But these strikingly realistic creations are often shared online without context, or are even presented as authentic creations. This makes them hard to spot, and raises many questions about the creative potential of machines.
A new US report examines this phenomenon, compiling data from several surveys of thousands of Americans. A large proportion of respondents from Generations Z (45%) and Y (or millennials, at 53%) consider AI-generated creative content to be art in its own right.
This opinion is shared much less widely by their elders: only 17% of baby boomers (those born between 1940 and 1959) consider artificially produced images, videos and other cultural outputs to be works of art, suggesting a generation gap when it comes to the acceptance of AI in the creative realm.

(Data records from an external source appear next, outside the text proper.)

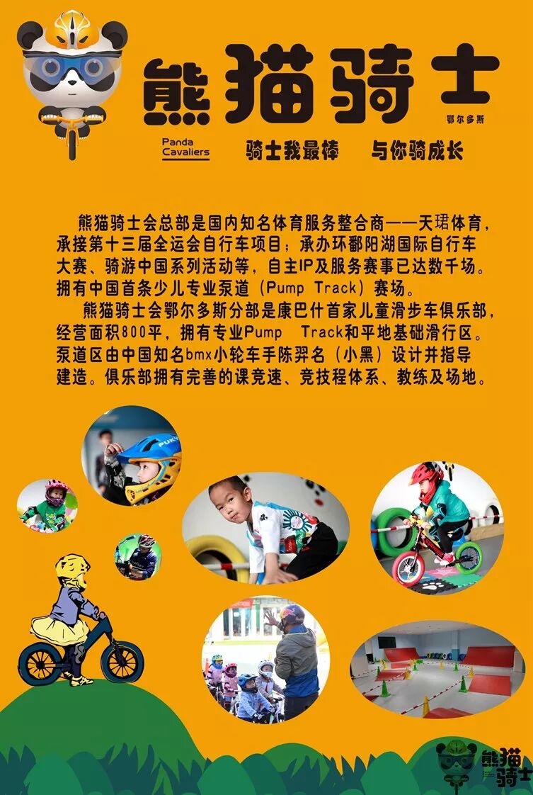 熊猫骑士会(鄂尔多斯)于2018年加盟天珺体育旗下熊猫骑士,现拥有占地800多平的室内场地,分为综合基础区和Pump Track室内压抬场,室内压抬场地由知名小轮车手小黑哥哥(陈羿名)设计并指导修建。实现了课程体系、产品售卖研发、体育旅游、赛事活动策划、全系改装等与深圳总部的完美对接,为鄂尔多斯少儿家庭提供最完全、最专业、最暖心的服务。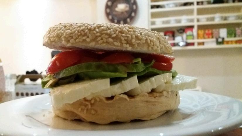 Sándwich vegetariano; lechuga, quesillo, tomate y palta.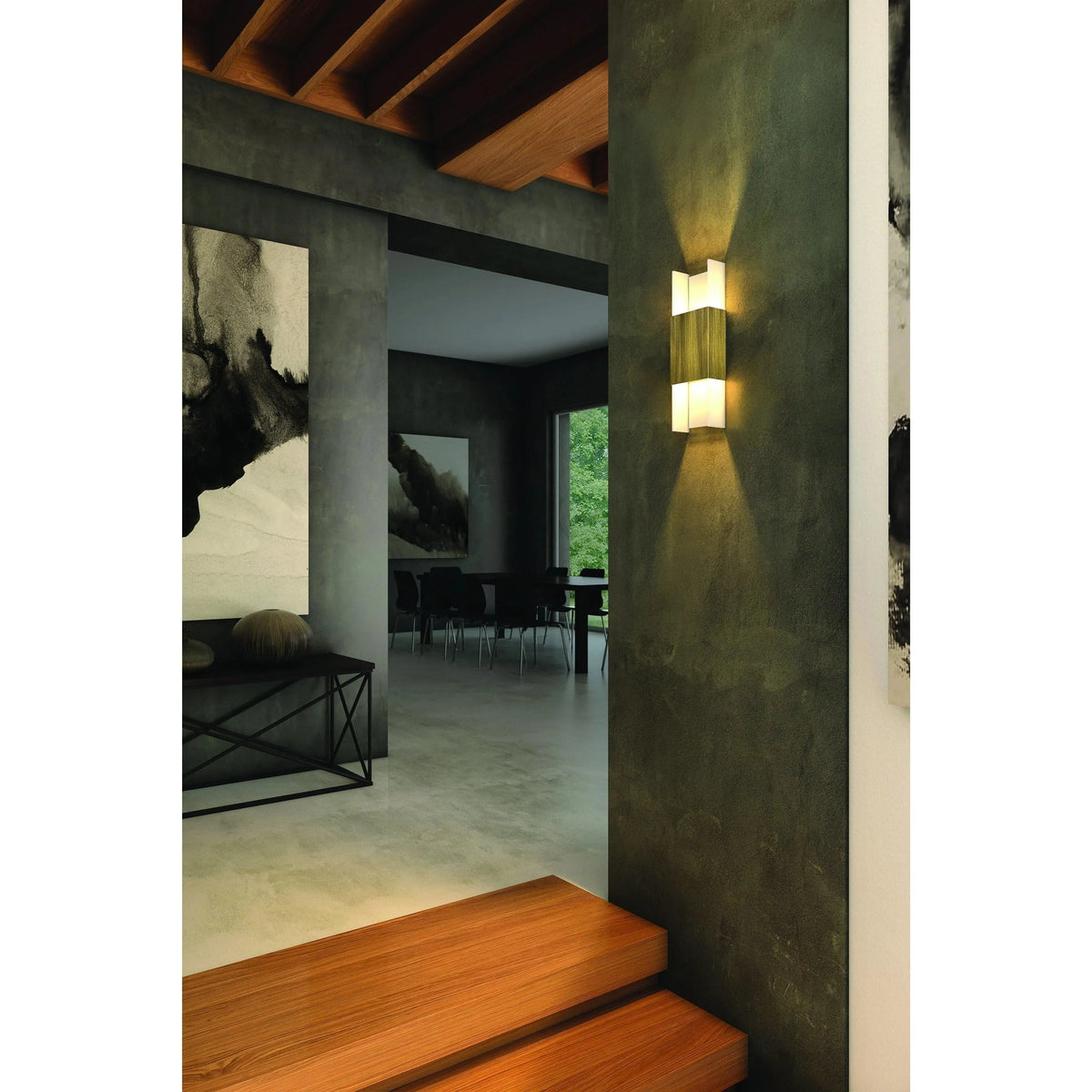Complementing the collar, the light diffusing blades closely attenuate the wash pattern on the wall, producing a soft, even glow that feels both simple and sophisticated.

While this technology is controversial in cultural circles, especially among artists whose work is fed into generative AI software, it is more enthusiastically welcomed by young people.
Two-thirds of those surveyed from Gen Z and Y said they already used generative AI for humorous or artistic purposes, compared with 34% of Gen Xers (those born from 1960-1980) and 10% of baby boomers.
In their view, this recreational use is destined to expand in artistic circles, until it becomes the norm. Indeed, 41% of young Americans believe that most movies, artworks, songs and books will be generated by AI within the next 20 years.
Even more surprisingly, 39% of them even claim that this artificially produced content will be of better quality than that produced by human creativity… all of which might serve to revive fears that algorithms could one day replace human artists.